**What to do:**
Reproduce each line below precisely. Drop the pictures.

**Raw data:**

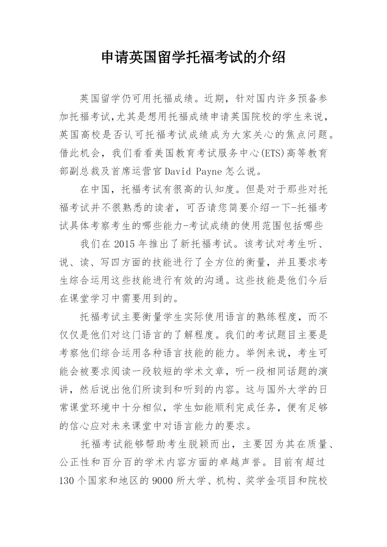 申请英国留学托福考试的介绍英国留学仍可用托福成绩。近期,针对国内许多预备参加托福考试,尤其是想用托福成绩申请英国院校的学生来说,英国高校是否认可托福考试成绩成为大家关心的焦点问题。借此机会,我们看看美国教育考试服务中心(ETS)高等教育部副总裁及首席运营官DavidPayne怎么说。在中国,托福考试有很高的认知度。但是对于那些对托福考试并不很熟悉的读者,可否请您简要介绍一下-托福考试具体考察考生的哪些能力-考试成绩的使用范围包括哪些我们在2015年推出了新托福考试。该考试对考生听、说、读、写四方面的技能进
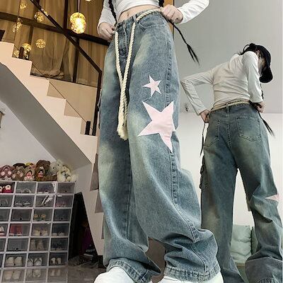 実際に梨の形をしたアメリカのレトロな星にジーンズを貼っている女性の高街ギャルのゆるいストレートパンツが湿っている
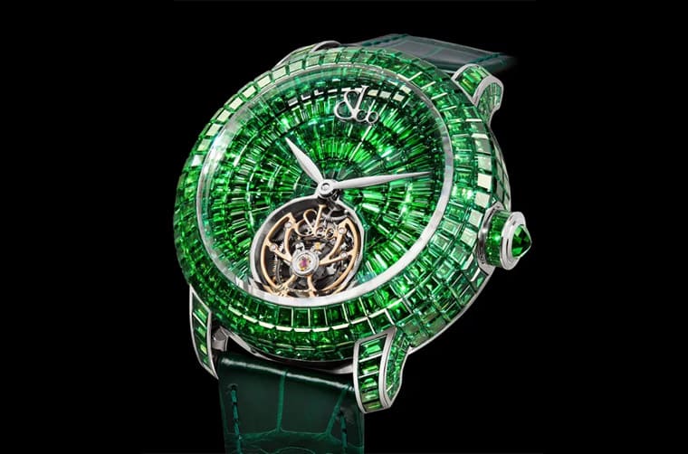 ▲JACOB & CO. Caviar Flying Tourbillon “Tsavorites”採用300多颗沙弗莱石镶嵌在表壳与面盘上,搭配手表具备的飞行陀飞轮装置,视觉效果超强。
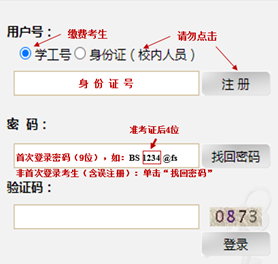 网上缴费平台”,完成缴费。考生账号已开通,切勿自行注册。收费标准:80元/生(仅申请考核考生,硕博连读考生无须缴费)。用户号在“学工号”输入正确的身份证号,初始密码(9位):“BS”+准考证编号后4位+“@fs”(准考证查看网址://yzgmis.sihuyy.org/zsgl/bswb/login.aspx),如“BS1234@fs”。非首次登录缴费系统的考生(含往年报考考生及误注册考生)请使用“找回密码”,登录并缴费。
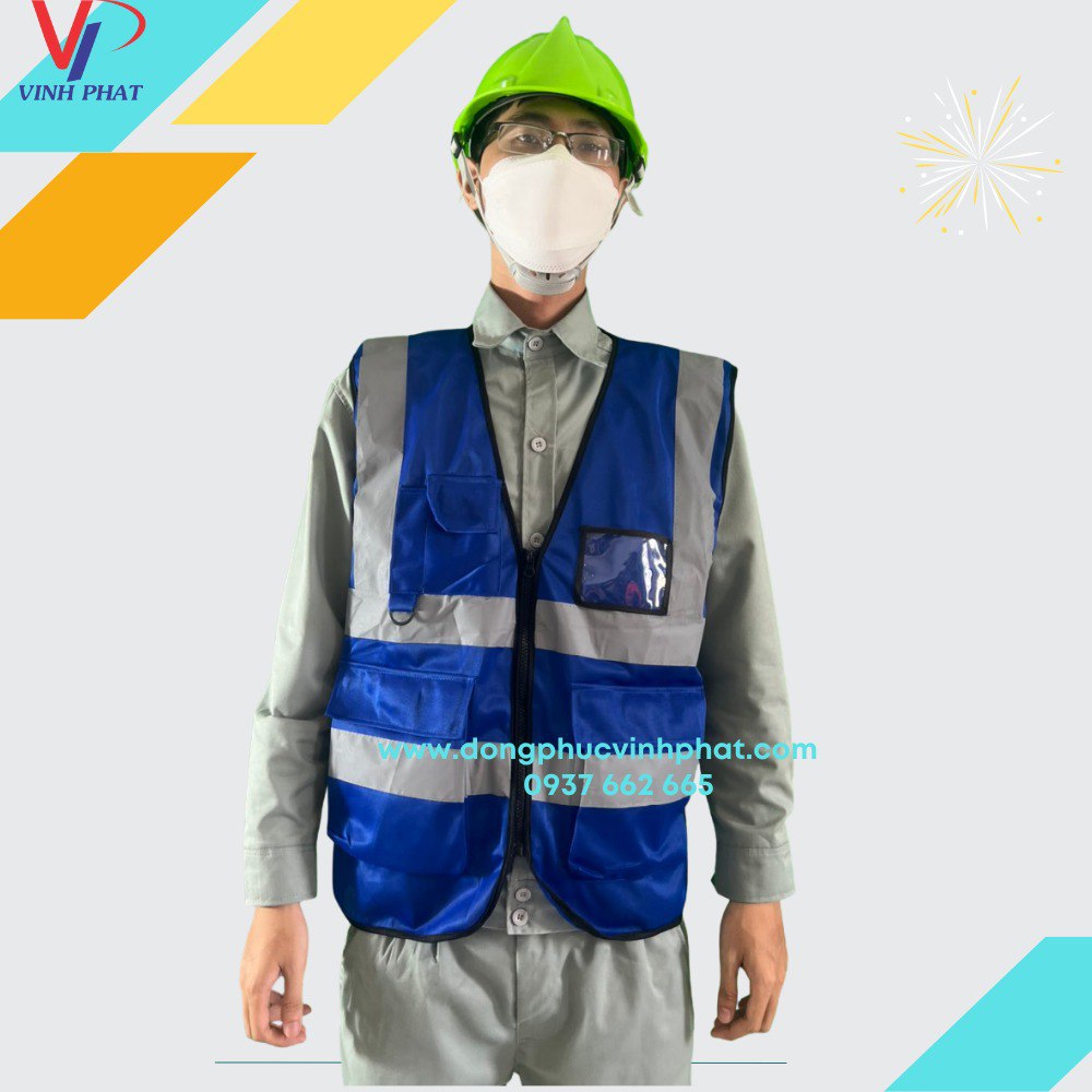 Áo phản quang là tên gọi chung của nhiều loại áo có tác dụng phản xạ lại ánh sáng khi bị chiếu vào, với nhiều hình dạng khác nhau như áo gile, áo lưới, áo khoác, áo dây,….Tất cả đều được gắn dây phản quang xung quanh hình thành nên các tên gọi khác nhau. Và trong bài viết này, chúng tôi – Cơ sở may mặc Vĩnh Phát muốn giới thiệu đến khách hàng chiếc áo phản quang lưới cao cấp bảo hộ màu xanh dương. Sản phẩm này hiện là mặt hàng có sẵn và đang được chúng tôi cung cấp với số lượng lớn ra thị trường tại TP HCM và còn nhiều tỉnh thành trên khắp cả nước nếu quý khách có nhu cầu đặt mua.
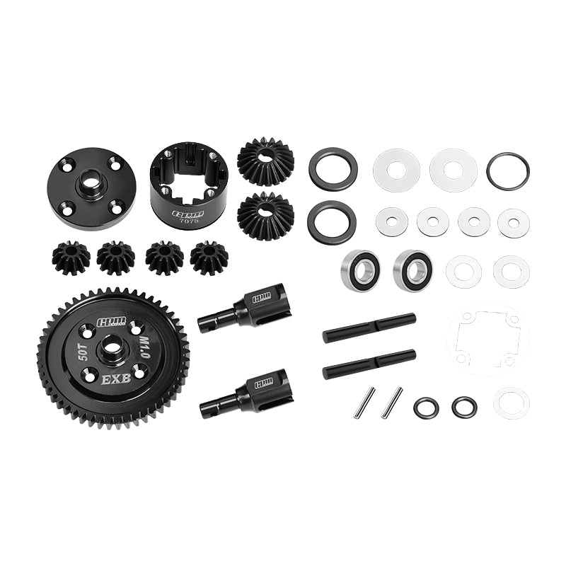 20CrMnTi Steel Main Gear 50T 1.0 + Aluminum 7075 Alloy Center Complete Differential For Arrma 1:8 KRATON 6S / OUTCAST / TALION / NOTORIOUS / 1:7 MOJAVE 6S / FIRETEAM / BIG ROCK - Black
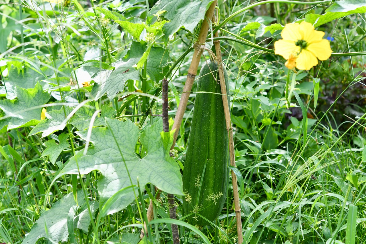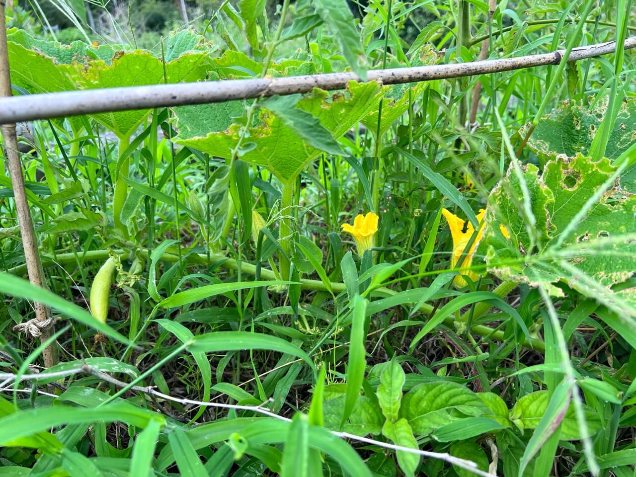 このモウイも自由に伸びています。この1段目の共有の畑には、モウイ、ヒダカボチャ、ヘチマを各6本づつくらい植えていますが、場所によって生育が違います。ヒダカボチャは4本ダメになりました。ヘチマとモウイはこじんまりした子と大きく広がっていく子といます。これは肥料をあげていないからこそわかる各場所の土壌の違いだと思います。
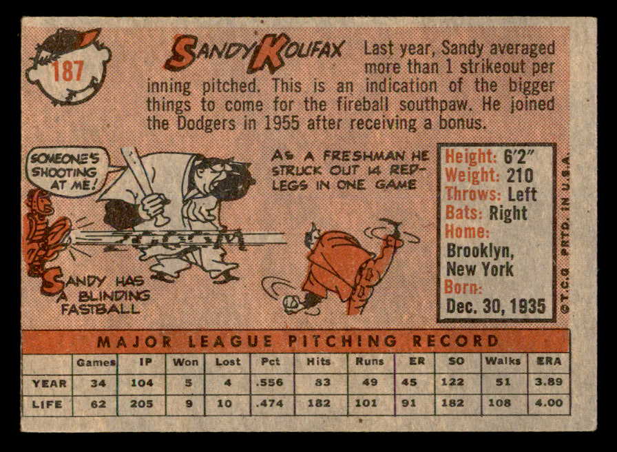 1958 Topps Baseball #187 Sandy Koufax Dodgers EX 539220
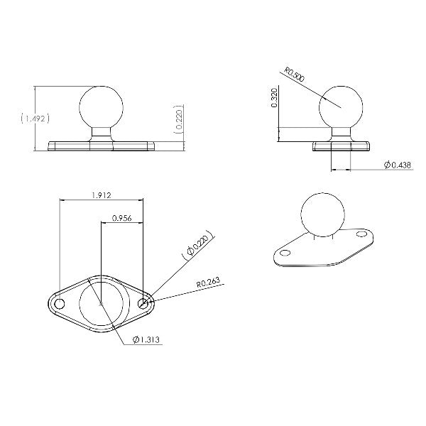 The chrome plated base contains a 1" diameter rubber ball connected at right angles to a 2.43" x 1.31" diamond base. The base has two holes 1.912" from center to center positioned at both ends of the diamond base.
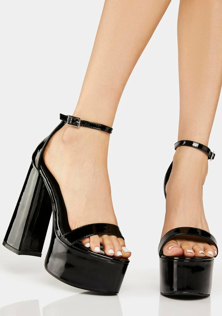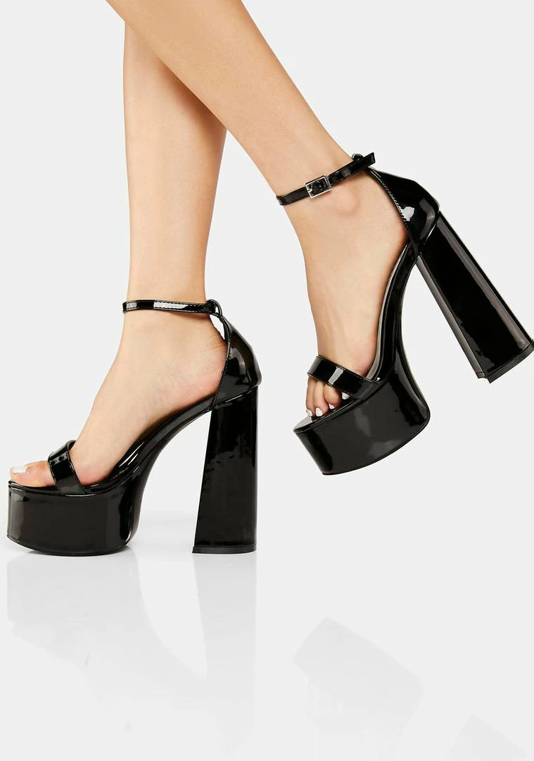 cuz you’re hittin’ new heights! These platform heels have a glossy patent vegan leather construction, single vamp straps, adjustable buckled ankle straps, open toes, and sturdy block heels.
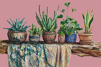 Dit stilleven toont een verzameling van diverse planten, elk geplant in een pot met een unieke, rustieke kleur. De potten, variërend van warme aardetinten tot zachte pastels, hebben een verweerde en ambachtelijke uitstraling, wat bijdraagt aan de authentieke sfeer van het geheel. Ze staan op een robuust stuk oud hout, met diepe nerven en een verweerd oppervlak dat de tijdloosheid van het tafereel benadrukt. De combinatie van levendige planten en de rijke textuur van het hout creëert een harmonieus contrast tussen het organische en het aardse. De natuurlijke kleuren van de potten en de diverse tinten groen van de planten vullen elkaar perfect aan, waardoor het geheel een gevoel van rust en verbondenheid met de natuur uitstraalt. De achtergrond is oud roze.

**Exercise response:**
 申请英国留学托福考试的介绍英国留学仍可用托福成绩。近期,针对国内许多预备参加托福考试,尤其是想用托福成绩申请英国院校的学生来说,英国高校是否认可托福考试成绩成为大家关心的焦点问题。借此机会,我们看看美国教育考试服务中心(ETS)高等教育部副总裁及首席运营官DavidPayne怎么说。在中国,托福考试有很高的认知度。但是对于那些对托福考试并不很熟悉的读者,可否请您简要介绍一下-托福考试具体考察考生的哪些能力-考试成绩的使用范围包括哪些我们在2015年推出了新托福考试。该考试对考生听、说、读、写四方面的技能进
 実際に梨の形をしたアメリカのレトロな星にジーンズを貼っている女性の高街ギャルのゆるいストレートパンツが湿っている
 ▲JACOB & CO. Caviar Flying Tourbillon “Tsavorites”採用300多颗沙弗莱石镶嵌在表壳与面盘上,搭配手表具备的飞行陀飞轮装置,视觉效果超强。
 网上缴费平台”,完成缴费。考生账号已开通,切勿自行注册。收费标准:80元/生(仅申请考核考生,硕博连读考生无须缴费)。用户号在“学工号”输入正确的身份证号,初始密码(9位):“BS”+准考证编号后4位+“@fs”(准考证查看网址://yzgmis.sihuyy.org/zsgl/bswb/login.aspx),如“BS1234@fs”。非首次登录缴费系统的考生(含往年报考考生及误注册考生)请使用“找回密码”,登录并缴费。
 Áo phản quang là tên gọi chung của nhiều loại áo có tác dụng phản xạ lại ánh sáng khi bị chiếu vào, với nhiều hình dạng khác nhau như áo gile, áo lưới, áo khoác, áo dây,….Tất cả đều được gắn dây phản quang xung quanh hình thành nên các tên gọi khác nhau. Và trong bài viết này, chúng tôi – Cơ sở may mặc Vĩnh Phát muốn giới thiệu đến khách hàng chiếc áo phản quang lưới cao cấp bảo hộ màu xanh dương. Sản phẩm này hiện là mặt hàng có sẵn và đang được chúng tôi cung cấp với số lượng lớn ra thị trường tại TP HCM và còn nhiều tỉnh thành trên khắp cả nước nếu quý khách có nhu cầu đặt mua.
 20CrMnTi Steel Main Gear 50T 1.0 + Aluminum 7075 Alloy Center Complete Differential For Arrma 1:8 KRATON 6S / OUTCAST / TALION / NOTORIOUS / 1:7 MOJAVE 6S / FIRETEAM / BIG ROCK - Black
 このモウイも自由に伸びています。この1段目の共有の畑には、モウイ、ヒダカボチャ、ヘチマを各6本づつくらい植えていますが、場所によって生育が違います。ヒダカボチャは4本ダメになりました。ヘチマとモウイはこじんまりした子と大きく広がっていく子といます。これは肥料をあげていないからこそわかる各場所の土壌の違いだと思います。
 1958 Topps Baseball #187 Sandy Koufax Dodgers EX 539220
 The chrome plated base contains a 1" diameter rubber ball connected at right angles to a 2.43" x 1.31" diamond base. The base has two holes 1.912" from center to center positioned at both ends of the diamond base.
 cuz you’re hittin’ new heights! These platform heels have a glossy patent vegan leather construction, single vamp straps, adjustable buckled ankle straps, open toes, and sturdy block heels.
 Dit stilleven toont een verzameling van diverse planten, elk geplant in een pot met een unieke, rustieke kleur. De potten, variërend van warme aardetinten tot zachte pastels, hebben een verweerde en ambachtelijke uitstraling, wat bijdraagt aan de authentieke sfeer van het geheel. Ze staan op een robuust stuk oud hout, met diepe nerven en een verweerd oppervlak dat de tijdloosheid van het tafereel benadrukt. De combinatie van levendige planten en de rijke textuur van het hout creëert een harmonieus contrast tussen het organische en het aardse. De natuurlijke kleuren van de potten en de diverse tinten groen van de planten vullen elkaar perfect aan, waardoor het geheel een gevoel van rust en verbondenheid met de natuur uitstraalt. De achtergrond is oud roze.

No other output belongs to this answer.